Изменить стиль страницы

— Это все эмоции…

— Ничего подобного, — убежденно замотал головой длинноволосый Витя, — это как раз факт. Будешь в Москве — вспомни мои слова. Выйдешь там на улицу — все куда-то бегут, все орут, толкаются. Бабки какие-то с мешками, мужчины с соломой в бороде — каменный век! А как они разговаривают?! Они же половину звуков вообще не выговаривают! Их чертов московский акцент разобрать просто невозможно! Все матерятся, толкаются, спросишь, как пройти, — ведь и в морду дать могут. Варвары, просто варвары. Как была Москва азиатской задницей, так ею и осталась. Во время Октябрьской революции они там у себя из пушек прямой наводкой лупили по Кремлю! Народу положили! А у нас? Матросы разоружили женский батальон в Зимнем дворце и увезли безоружных барышень в номера. Все! Никто не погиб. Ни единый человек! А все почему? Потому что мы северяне, у нас здесь холодно, темперамент у народа — нордический… Мы — Европа, и безо всей остальной России нам будет гораздо лучше. Заживем так, как заслуживаем.
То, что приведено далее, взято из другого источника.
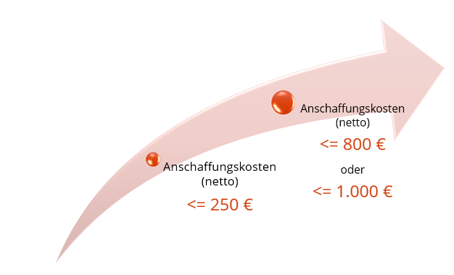 Dabei sind bei den Anschaffungs- oder Herstellungskosten zwei Grenzen zu beachten, die hinsichtlich der bilanziellen Möglichkeiten der Abschreibung von Geringwertigen Wirtschaftsgütern mit entscheidend sind.

— А как мы заслуживаем? — поинтересовался я.

— Мы должны жить по-европейски. Без бюрократии, без налогового гнета Москвы. Так, чтобы всего было вдоволь. Присоединим к себе Новгород и Псков, отнимем часть территорий у прибалтов — и отгородимся у себя на Северо-Западе от всей этой русской Азии железной стеной. Все — жить будем, как белые люди! У нас же ведь сейчас в городе нет ни денег, ни хрена. Все ушло в Москву. Ты вот работаешь в газете — тебе много платят?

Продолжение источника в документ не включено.